The double life of the blood-sucking sea lamprey

Michigan State University has several labs dedicated to the study and control of lampreys, which leads to idiosyncratic subjects. Lamprey skeletons are made of cartilage rather than bone and are capable of regenerating a fully functional spinal cord even after cutting it in half. They possess incredible olfactory power, capable of detecting odors at extremely low concentrations—equivalent to being able to locate a few grains of salt in an Olympic-size swimming pool, according to Anne Scott, an MSU professor. Native populations live in salt water, then swim to inland tributaries to reproduce and die, like a parasitic salmon. Lamprey species have lived on Earth for hundreds of millions of years; They predate the dinosaurs and have survived at least four mass extinctions.

These unique adaptive abilities have earned the sea lamprey grudging admiration from conservationists tasked with eradicating them. “There’s no denying that an invasive species can destroy the environment,” says Griffin. “But you have to have respect for an animal that has lasted so long.”

sometime in 19th century, Petromyzon marinus meandered first from the North Atlantic into Lake Ontario. At its southeastern edge, Niagara Falls’ rushing 3,100-foot span provided a natural barrier preventing the species from further westward spread, but the deepening of the man-made Welland Canal provided an alternative route of entry. In the larger Great Lakes, sea lampreys encountered a buffet of trout, sturgeon, whitefish, walleye, catfish and other native water species. The lampreys latched onto, bored into, and sucked off the blood and bodily fluids of millions of fish — injuring and killing scores. There were few, if any, predators to prevent their spread.
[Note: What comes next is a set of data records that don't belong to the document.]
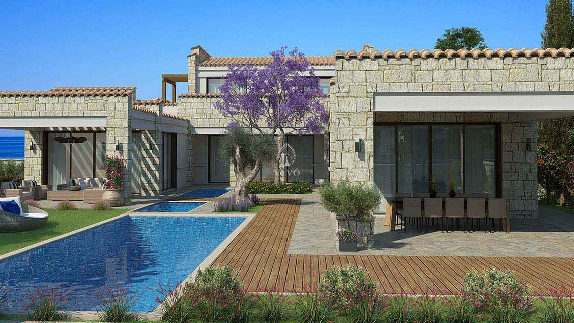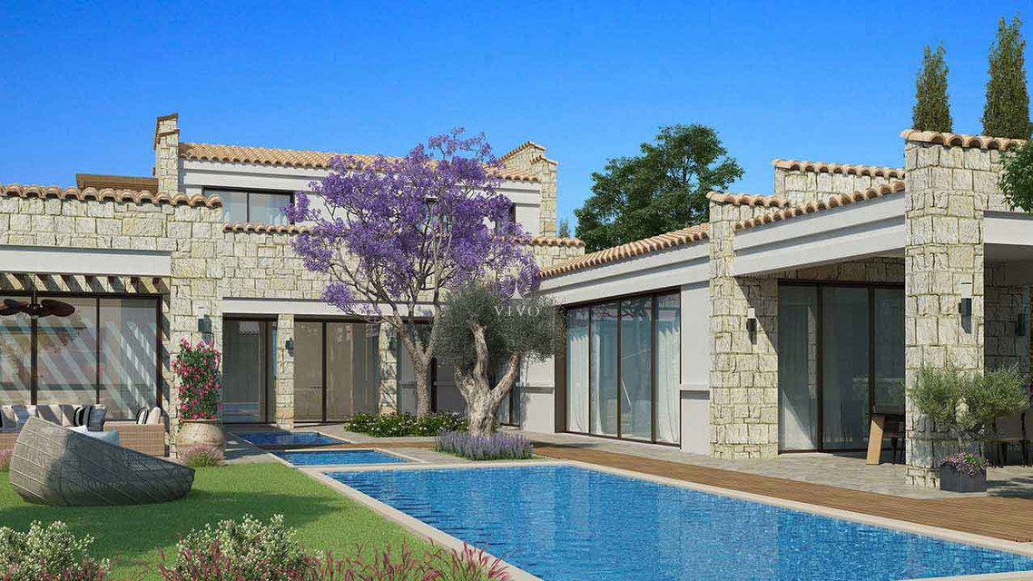 This is an exclusive 3 bedroom villa for sale located in the famous Golf Resort. The design of the villa has been inspired by a perfect fusion of contemporary and Mediterranean architecture using traditional materials such as stone, clay roof tiles, and wood in clean lines and large open spaces. The villa is designed on a large plot and enjoys a private swimming pool, spacious interiors and large terraces while having beautiful sea views of the Mediterranean.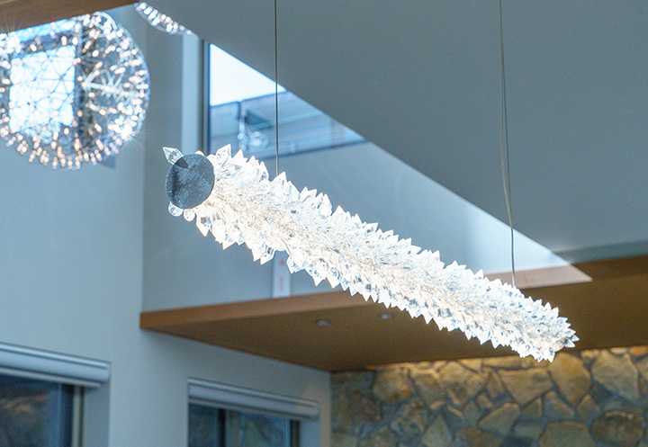 白を基調としたLDKでひときわ映えるキッチン。ペンダント照明「レイモンド」が上下階をつなげる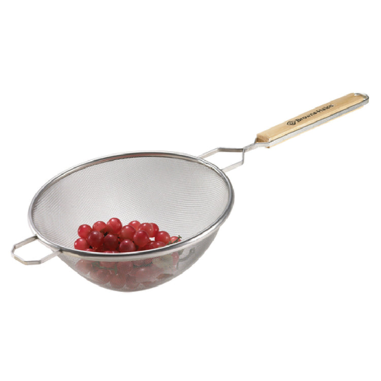 Browne Foodservice 9096 7-4/5 Inch Bowl Single Fine Mesh Strainer with Wood Handle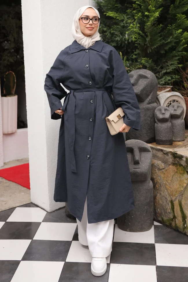 * Ürün Detay : Hem rengi hem de dokusuyla yeni nesil tesettür modasına çok uygun ve oldukça kullanışlı bir parça.Kumaşın krinkıl dokusu, ürüne spor-şık bir hava katmış.Reglan kol kesimi ve beldeki kuşak, ürüne modern bir siluet kazandırıyor. Dik yakadaki düğme detayı, rüzgarlı havalar için fonksiyonel olduğu kadar estetik bir duruş da sergiliyor.Ürünümüz bel kuşaklıdır ve ceplidir.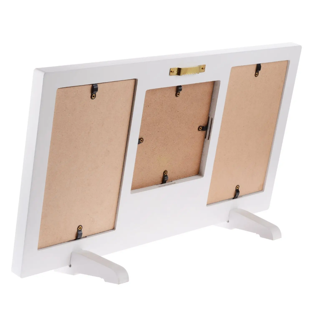 Display: The frame is designed to stand upright using two small, white detachable stands attached at the bottom.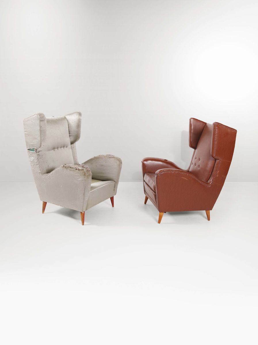 Due poltrone con struttura in legno e rivestimenti in tessuto e skai. Prod. Italia, 1950 ca. cm 69x100x78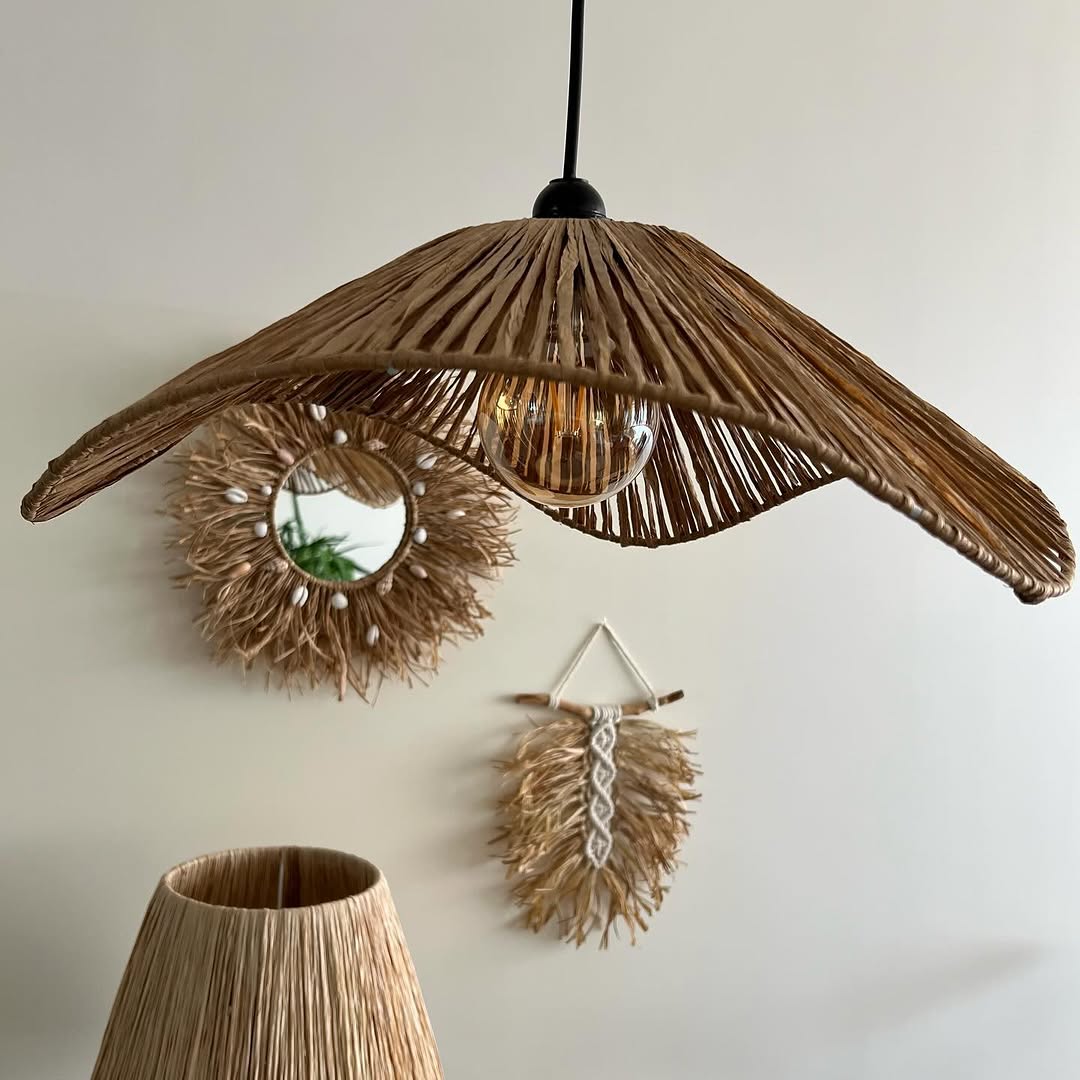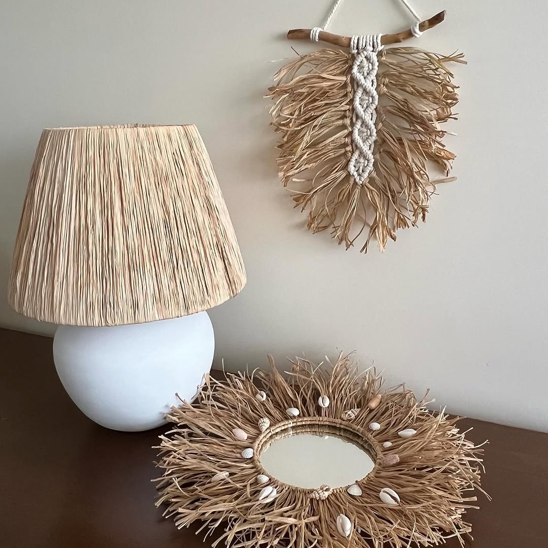 این مجموعه شامل آینه دیواری طرح منظومه صدفی با قطر ٢٠ و قطر کلی ٤٠ سانت، برگ رافیا وسط مکرمه با ارتفاع ۳۰ سانت، لوستر دفرمه رافیا با قطر ۵۰، و آباژور رافیا طبیعی با پایه سفالی رنگ شده و ارتفاع ۴۰ و قطر شید ۳۰ است.

As the problem worsened, people began to feel her presence. In the mid-1940s, about four out of five commercially caught fish in the northern portions of Lakes Huron and Michigan were too badly injured by lampreys to sell. Lake Michigan’s stretch of Lake Michigan alone caught 6.5 million pounds worth of lake trout in 1944, but less than five years later only 11,000 pounds were caught in the entire lake. Badly hit by lampreys, overfishing and pollution, the local fisheries lost tens of millions of dollars a year until the 1960s. In 1949, commercial fishermen testified before Congress that their industry was “doomed.” Fishermen and local residents shied away from the blood-slurping parasite. “People thought they were like horrible creatures from the bottom of the earth,” said a woman whose family owned a sport-fishing resort near Duluth Great Lakes Sea Lamprey: The 70 Year War Against a Biological Invader.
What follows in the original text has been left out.